# Building Blocks
## The important pieces to analyze (a lot of) data

# RDD - Resiliant Distributed Dataset
Spark's basic data collection is an RDD:
* *Resiliant* - Any piece that is lost can be regenerated
* *Distributed* - Pieces are scattered across multiple nodes
* *Dataset* - A large number of "items" either generated from files or by translating other RDDs

No restriction that each "item" in an RDD have the same elements, somewhat low-level for many uses

# DataFrame
DataFrames are specialized RDDs that organize their data in rows and columns, where every row has the same columns. This is similar to CMS datasets where each event in Data/MC has the same branches.

The layout of a DataFrame is more limited than a plain RDD, but this limitation allows Spark's query optimizer to speed up or even elide portions of results.

# Outline
The tools are different, but the overall workflow is familiar:

1. Import datasets from disk
2. Apply transformations
  * Perform cuts
  * Produce derived values
3. Aggregate and report to produce tables/plots

Let's first demonstrate the tools and concepts with a small, non-CMS dataset.

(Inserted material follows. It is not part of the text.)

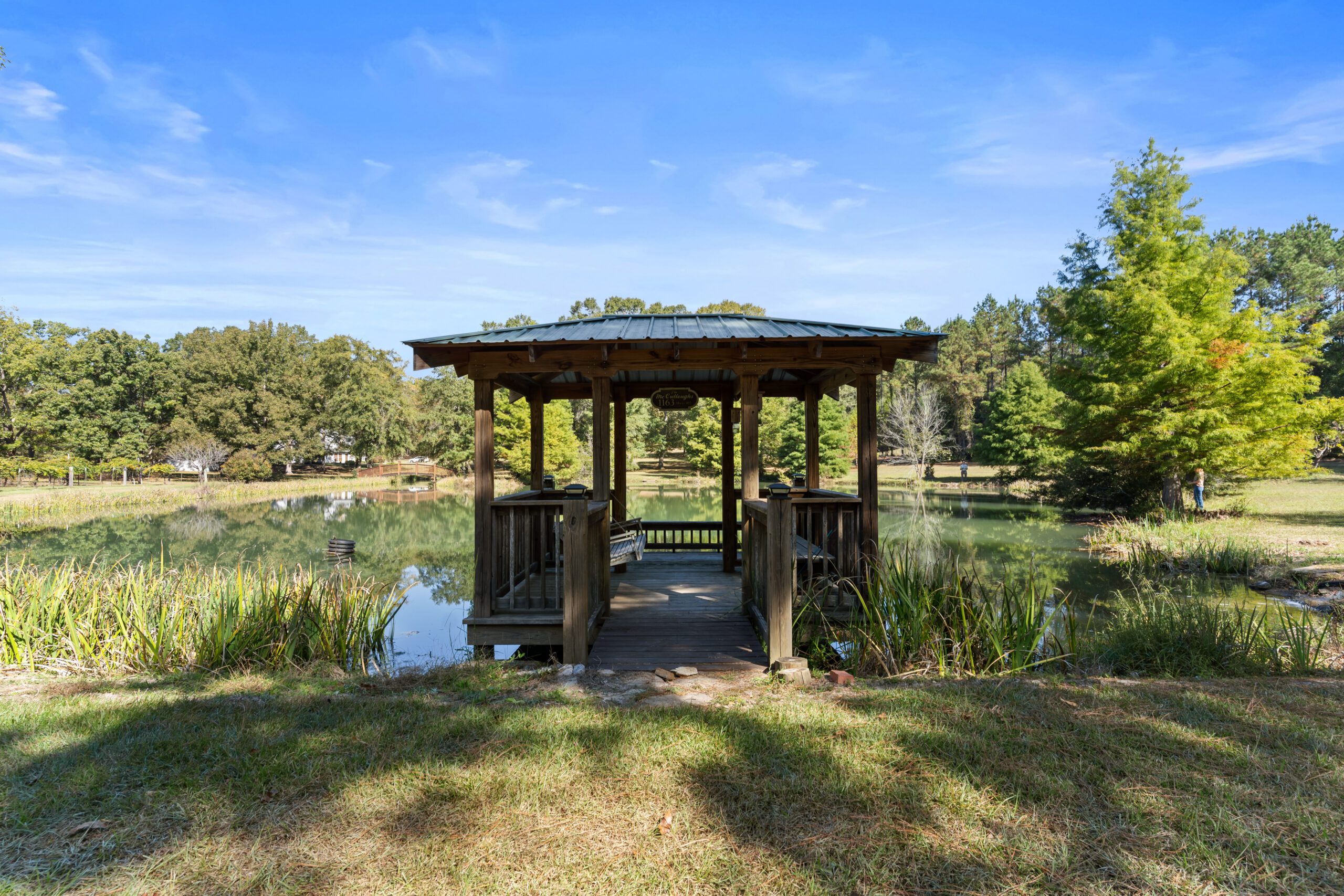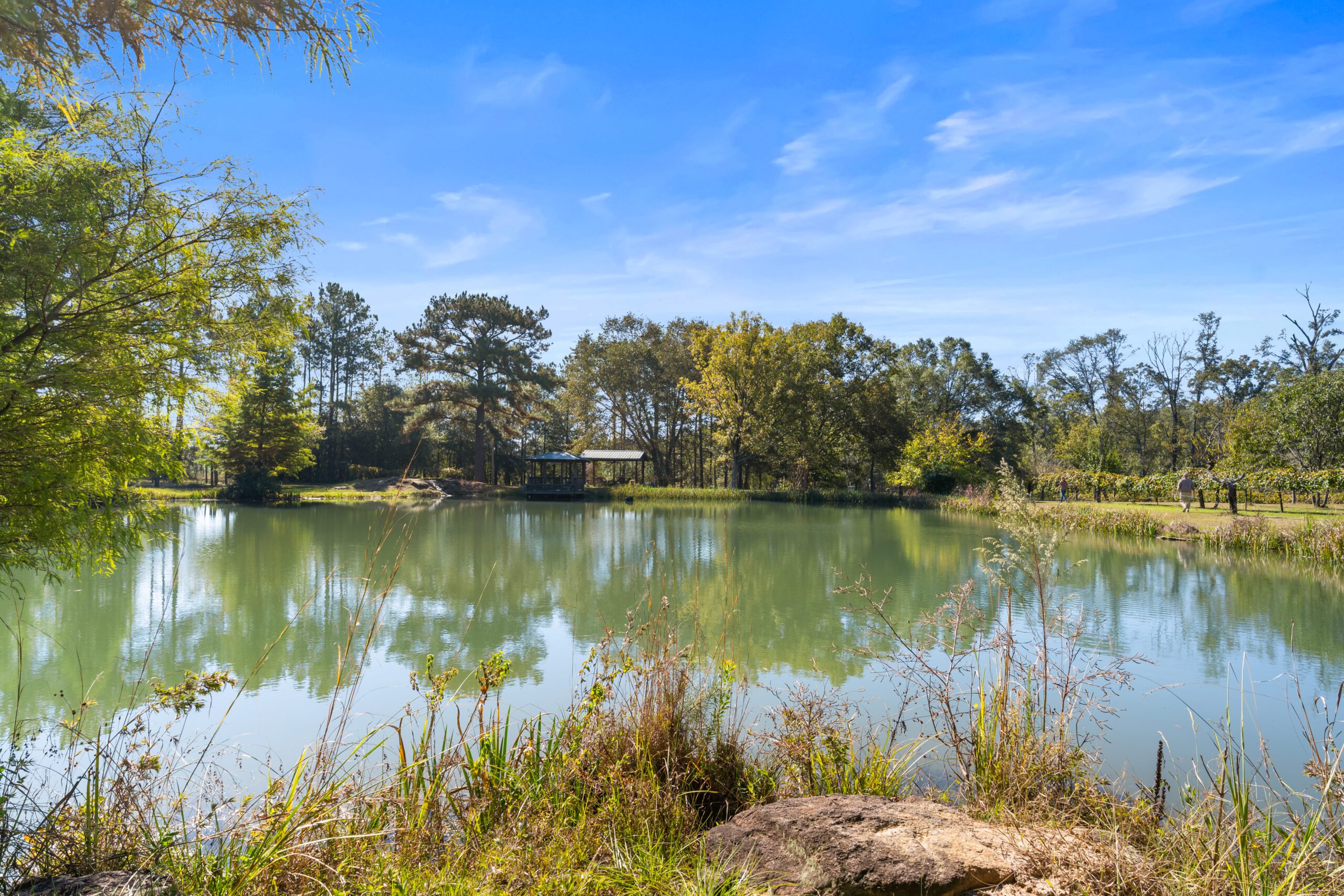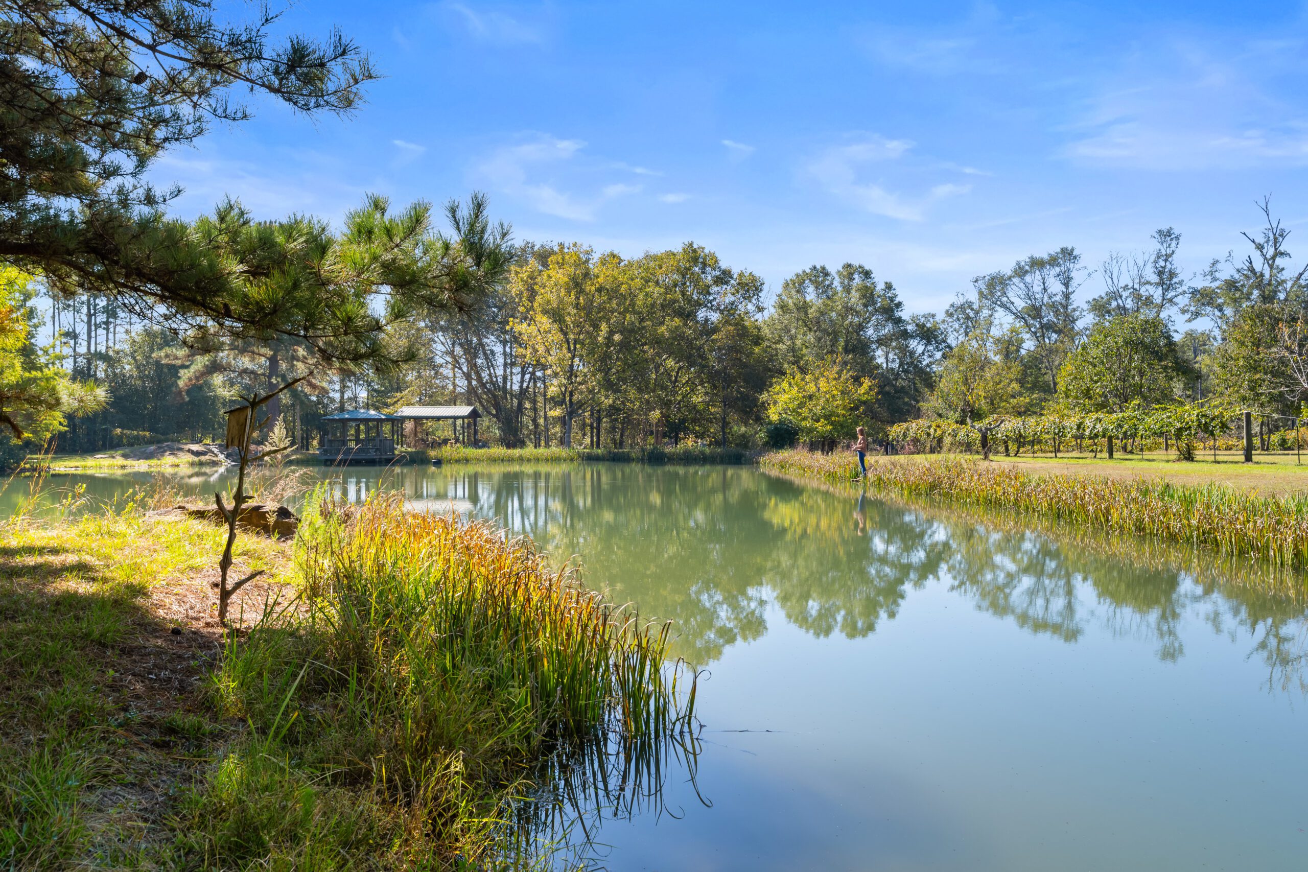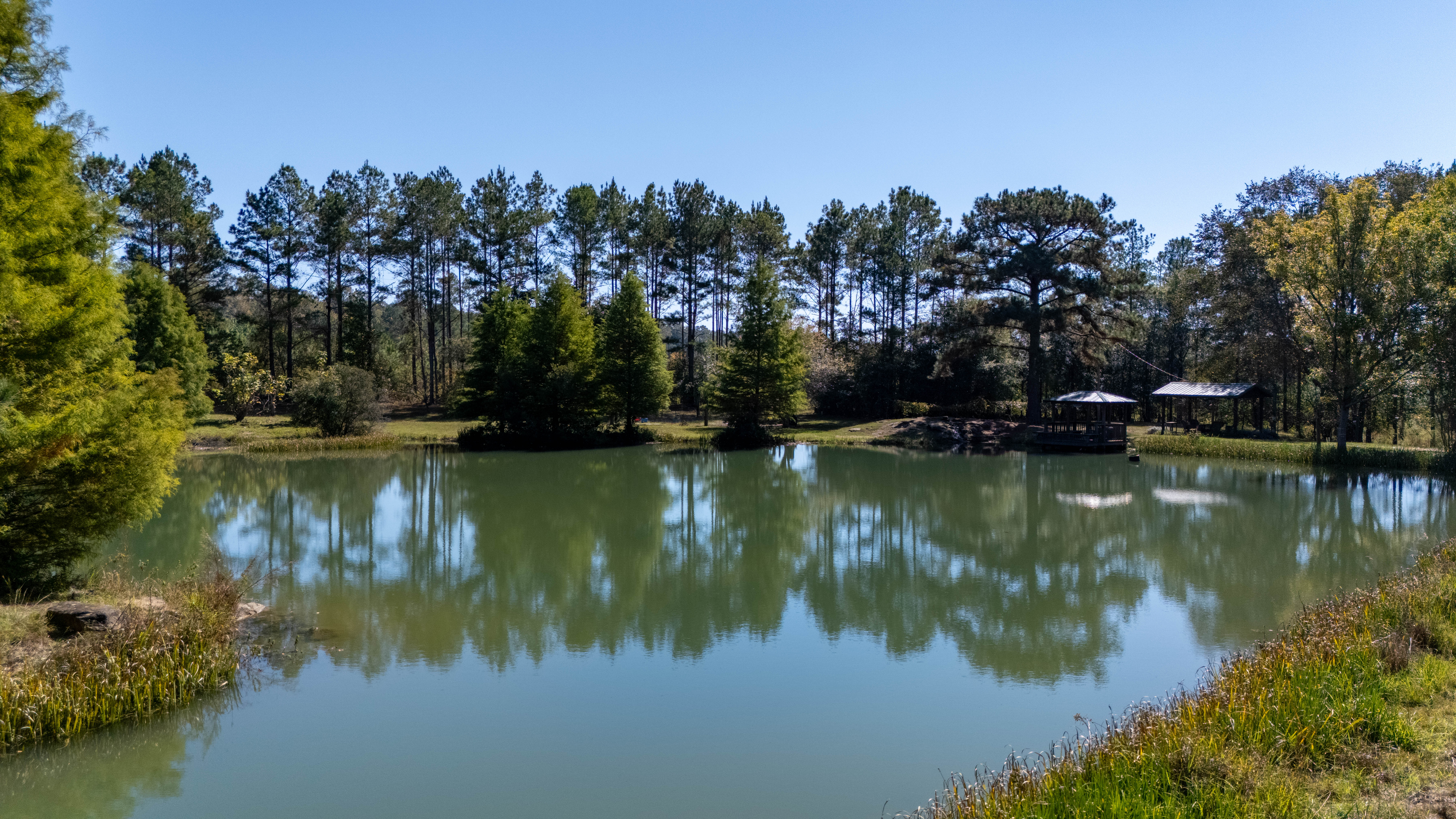 Behind the home, a canopy of mature water oaks creates a cool, shaded backdrop for quiet mornings, family gatherings, and children running barefoot through the grass. Steps away lies the spring-fed pond, clear and alive with bass and bream. A covered pier, a footbridge over an inlet, and a gazebo at the water’s edge make it a perfect place for sunrise coffee, evening fires, or simple stillness.

For our first example, we will use the US Government's records of all flights in the US during 2015 (found [here](http://stat-computing.org/dataexpo/)). It's a small dataset that Spark is ridiculously overpowered for, but its size lets us experiment instantaneously. 

## Setup
Before we do anything with Spark, we must create a `SparkSession` like you did in the pre-exercise.

In [None]:
from pyspark.sql import SparkSession
from pyspark.sql.types import *
spark = SparkSession.builder \
            .appName("10-airline-data") \
            .config("spark.jars.packages", "org.diana-hep:histogrammar-sparksql_2.11:1.0.4") \
            .getOrCreate()

In [None]:
csvPath = "hdfs://cmshdfs/tmp/2005.csv.bz2"
airline = spark.read \
            .option("header","true") \
            .option("inferSchema", "true") \
            .csv(csvPath) \
            .sort("Month", "DayofMonth") \
            .withColumnRenamed("UniqueCarrier", "Carrier")

In [None]:
airline.printSchema()

In [None]:
airline = airline.withColumn("DepTime", airline["DepTime"].cast(IntegerType()))\
                    .withColumn("ArrTime", airline["ArrTime"].cast(IntegerType()))\
                    .withColumn("DepDelay", airline["DepDelay"].cast(IntegerType()))\
                    .withColumn("ArrDelay", airline["ArrDelay"].cast(IntegerType()))

In [None]:
airline.printSchema()

In [None]:
airline.take(1)

In [None]:
airline.show(1)

In [None]:
# https://spark.apache.org/docs/2.2.0/api/python/pyspark.sql.html?highlight=cache#pyspark.sql.DataFrame.drop
airline = airline.drop("CarrierDelay", "WeatherDelay", "NASDelay", "SecurityDelay")
airline.show(1)

In [None]:
trimmedAirline = airline.select("Month", "DayOfMonth", "DayOfWeek",
                                "DepTime", "ArrDelay", "DepDelay",
                                "TaxiIn", "TaxiOut", "Origin",
                                "Dest", "Distance", "Carrier",
                                "FlightNum", "Cancelled")

In [None]:
trimmedAirline.show(5)

In [None]:
# Do some filtering
trimmedAirline.where(trimmedAirline.Carrier != "UA").show(5)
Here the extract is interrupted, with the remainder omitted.